╭─ Dataset extract

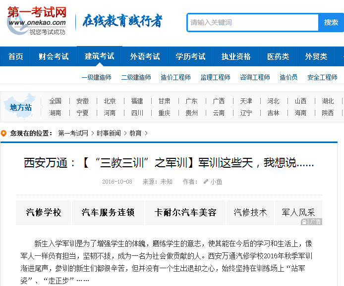 新生入學軍訓是為了增強學生的體魄,磨練學生的意志,使其能在今后的學習和生活上,像軍人一樣負有擔當,堅韌不拔,成為一名為社會做貢獻的人。西安萬通汽修學校2016年秋季軍訓漸進尾聲,參訓的新生們都很辛苦,但并沒有一個生出退卻之心,始終堅持在訓練場上“站軍姿”、“走正步”……
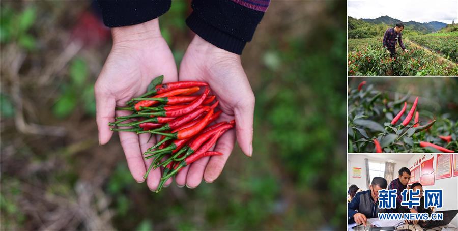 拼版照片:左圖為在大浪鎮(zhèn)大德村,龍德手捧剛剛收獲的辣椒;右上圖為龍德在摘辣椒;右中圖為合作社種植的辣椒;右下圖為龍德(中)在辦公室里工作(照片均攝于11月18日)。龍德是大德村的致富帶頭人,目前合作社種植有400多畝辣椒,帶動106戶貧困戶參與。 廣西融水苗族自治縣是國家扶貧工作重點縣,全縣“九山半水半分田”,生活生產(chǎn)環(huán)境較為惡劣,脫貧攻堅任務(wù)艱巨,目前還有7.68萬貧困人口。面對經(jīng)濟發(fā)展落后、貧困面廣且程度深的現(xiàn)狀,當?shù)匕衙撠毠耘c創(chuàng)新產(chǎn)業(yè)扶持相結(jié)合,依托生態(tài)資源優(yōu)勢,實施“特色產(chǎn)業(yè)富民行動”,通過發(fā)展特色民族旅游、林下經(jīng)濟和特色養(yǎng)殖業(yè)等扶貧產(chǎn)業(yè),帶動貧困群眾依靠勤勞的雙手,拔窮根摘窮帽,實現(xiàn)脫貧致富。據(jù)了解,目前全縣貧困戶參與特色產(chǎn)業(yè)發(fā)展的有2.9萬戶,扶貧產(chǎn)業(yè)覆蓋率達95%。 新華社記者 黃孝邦 攝
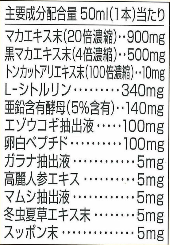 主要成分はマカ・黒マカエキス末やL-シトルリン等。
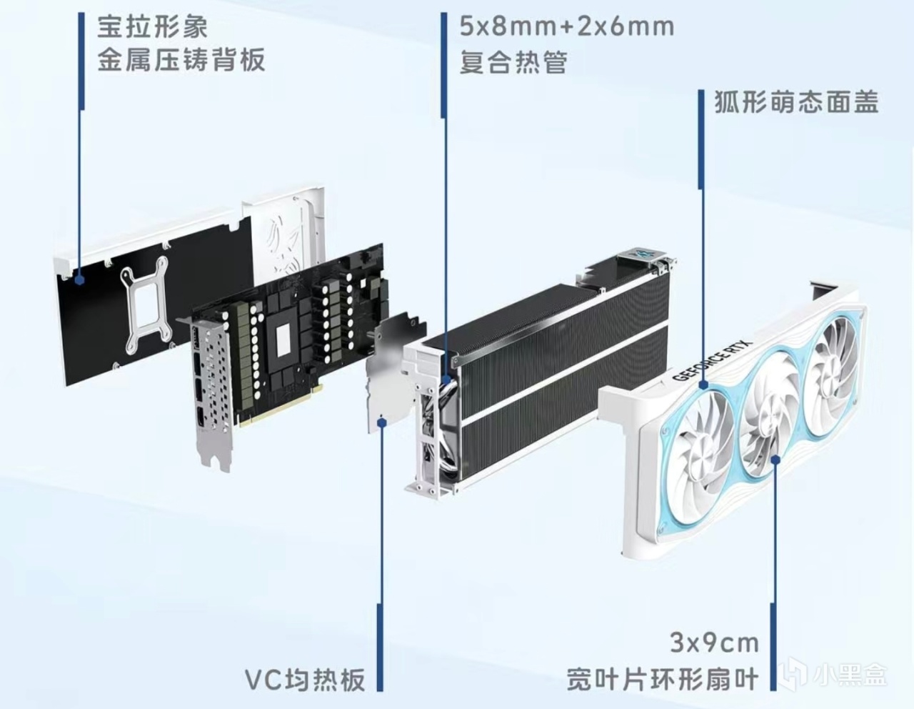 5080雪狐散热为5*8+2*6复合热管,有VC均热板,3*9cm宽叶风扇。
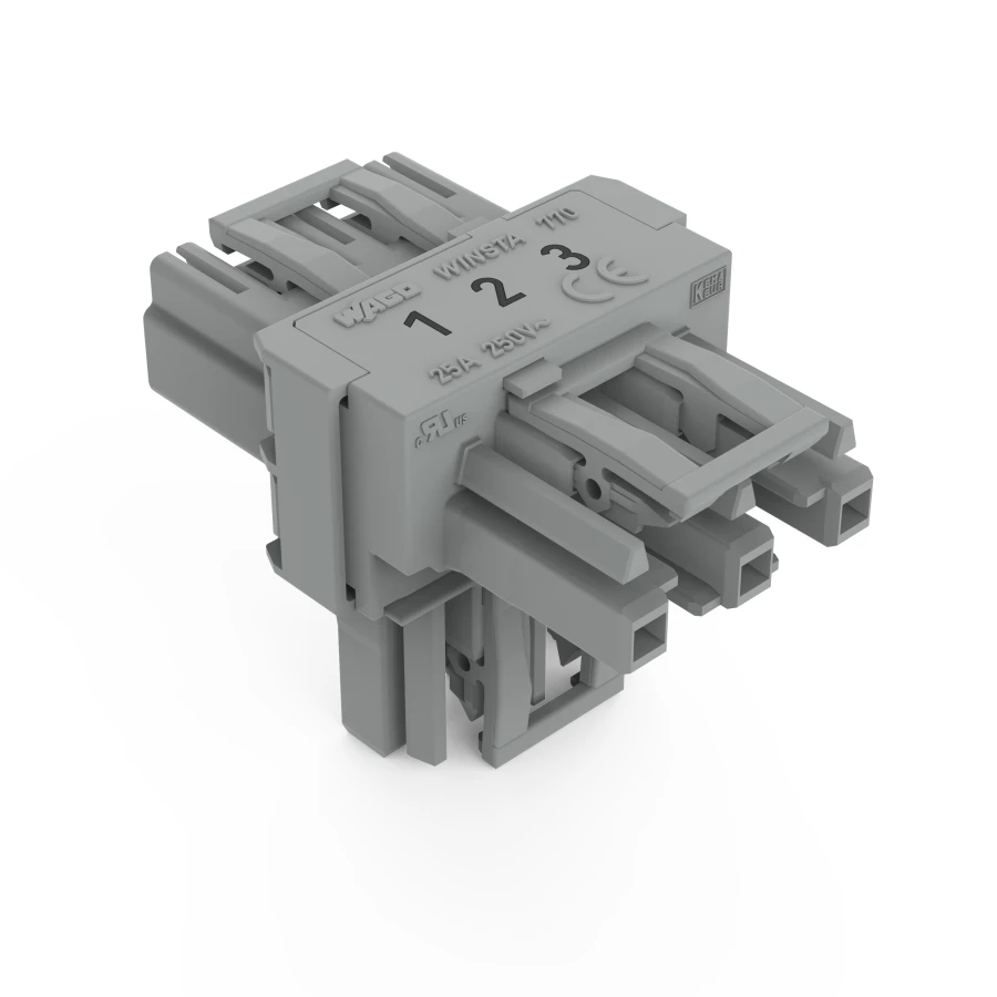 Rozgałęźnik typu T 3-torowy 1x wtyk / 2x gniazdo szary WINSTA 770-970 /50szt./

╰─

Your task is to transcribe, exactly and without additions, every line from the one that contains "主要成分はマカ・黒マカエキス末やL-シトルリン等。" to the end of the entries above, both included. Omit all pictures.

 主要成分はマカ・黒マカエキス末やL-シトルリン等。
 5080雪狐散热为5*8+2*6复合热管,有VC均热板,3*9cm宽叶风扇。
 Rozgałęźnik typu T 3-torowy 1x wtyk / 2x gniazdo szary WINSTA 770-970 /50szt./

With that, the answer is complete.